* **DATASET**
____
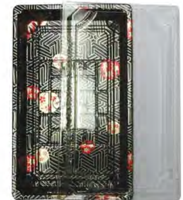
TZ020 Sushi Tray Color
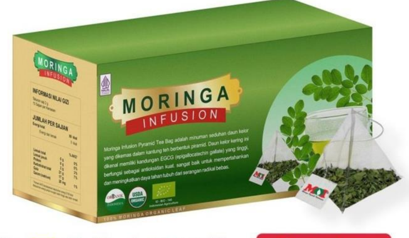
Helps lower cholesterol
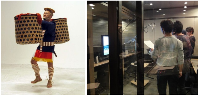
Fig. 8. Recording motion data and voice dubbing

We get motion capture data from the actors to animate characters. The snapshot of the actor in motion is shown in the left image of (figure 8). The voices of characters are dubbed by the professional voice actors and the special sound effect is added for feeling the mood of crowded environment. Voice actors are dubbing the animation like the right image of (figure 8).
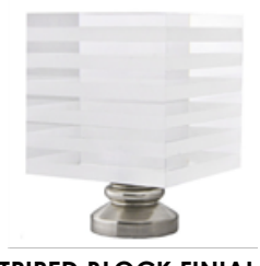
STRIPED BLOCK FINIAL SKU: MT-STRBLK-FIN L: 3 1/8" W: 2 3/8"
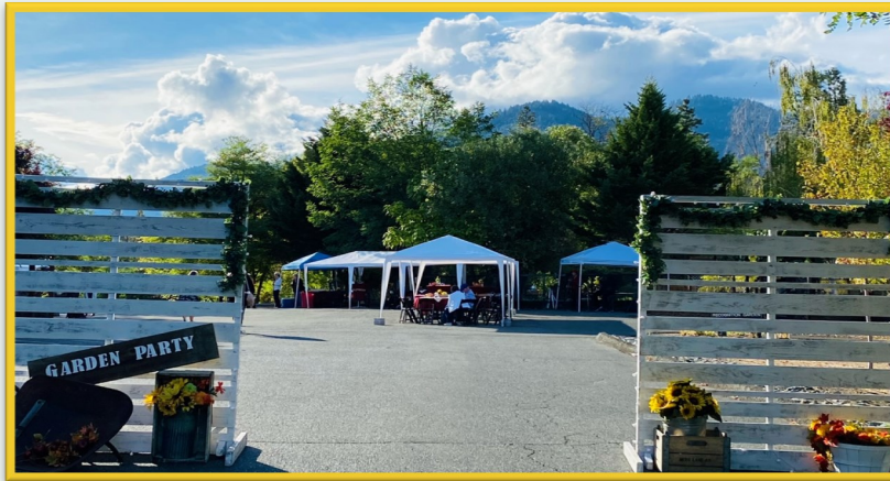
The threat of rain did not stop the festivities. The storm blew through just in time for the party, making for perfect conditions.

Thank you to everyone that attended our bi-annual Garden Party. Most importantly, thank you to everyone that made it happen. Our 2022 Garden Party was the first live event since the start of the pandemic and it really set the tone to gaining a sense of normalcy. We really loved to mingle with our supporters and be able to just say thank you. Community support has been vital to Madrone Hospice and we wouldn't be able to provide our services without you. Please enjoy a glimpse of the festivities.
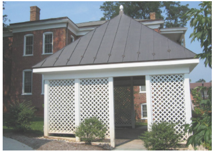
With diagonal lattice cladding and a hipped, standing-seam metal roof, this structure hides refuse containers from view.

Mechanical equipment is placed to the rear of the building and screened with a material similar to that found on the site's primary structure.
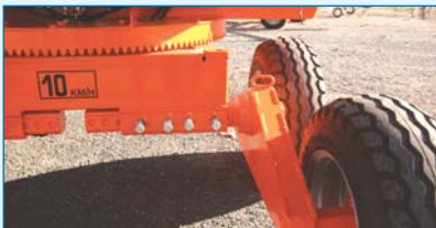
Adjustable tandem axle
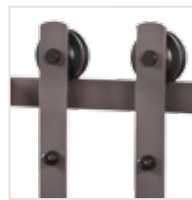
straight strap SPECIAL ORDER
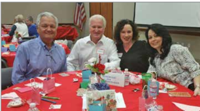
A panel of experts from Comfort Keepers, Atria San Juan, and Sterling Placements spoke in February about caring for our ill and elderly.

We’ve enjoyed so many excellent activities, programs, and luncheons together over the months since our 2016-2017 year began last June that we feel it’s worth a recap
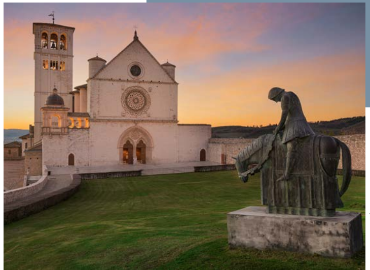
St Francis Basilica, Assisi

Guests can admire panoramic views of the Roman theatre from the first-floor terrace, unwind in the lounge and bar, and enjoy first-class regional cuisine at the restaurant. The attractive rooms feature garden or park views, satellite TV, private bathroom, air-conditioning, and Wi-Fi, thus ensuring a comfortable space to relax after sightseeing.
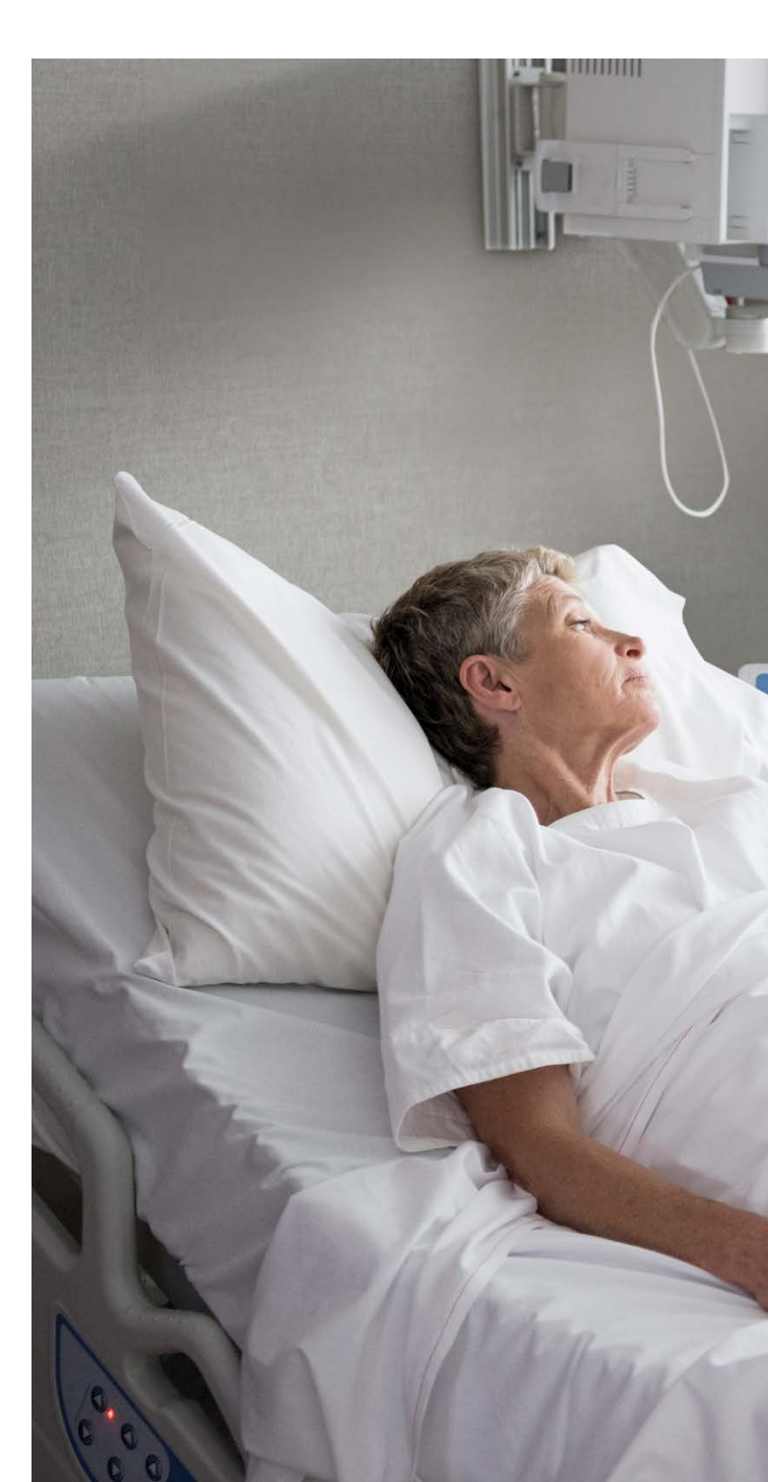
Photo Panels has been developed as a professional helping tool to stimulate people in different situations by creating peace and calm, security and protection or memories of recognizable places. They offer at the same time optimal hygiene and privacy without feeling closed in.

Natural motifs with depth and perspective create a sense of calm.
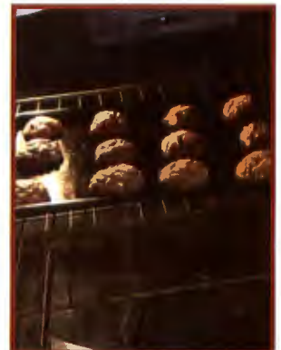
Chocolate Peanut Butter Chunk Cookies from scratch!
____
* **GOAL OF THE EXERCISE**
Whenever the word "first" shows up in a line of the entries above, copy that line.

* **WRITTEN RESPONSE**
Thank you to everyone that attended our bi-annual Garden Party. Most importantly, thank you to everyone that made it happen. Our 2022 Garden Party was the first live event since the start of the pandemic and it really set the tone to gaining a sense of normalcy. We really loved to mingle with our supporters and be able to just say thank you. Community support has been vital to Madrone Hospice and we wouldn't be able to provide our services without you. Please enjoy a glimpse of the festivities.
Guests can admire panoramic views of the Roman theatre from the first-floor terrace, unwind in the lounge and bar, and enjoy first-class regional cuisine at the restaurant. The attractive rooms feature garden or park views, satellite TV, private bathroom, air-conditioning, and Wi-Fi, thus ensuring a comfortable space to relax after sightseeing.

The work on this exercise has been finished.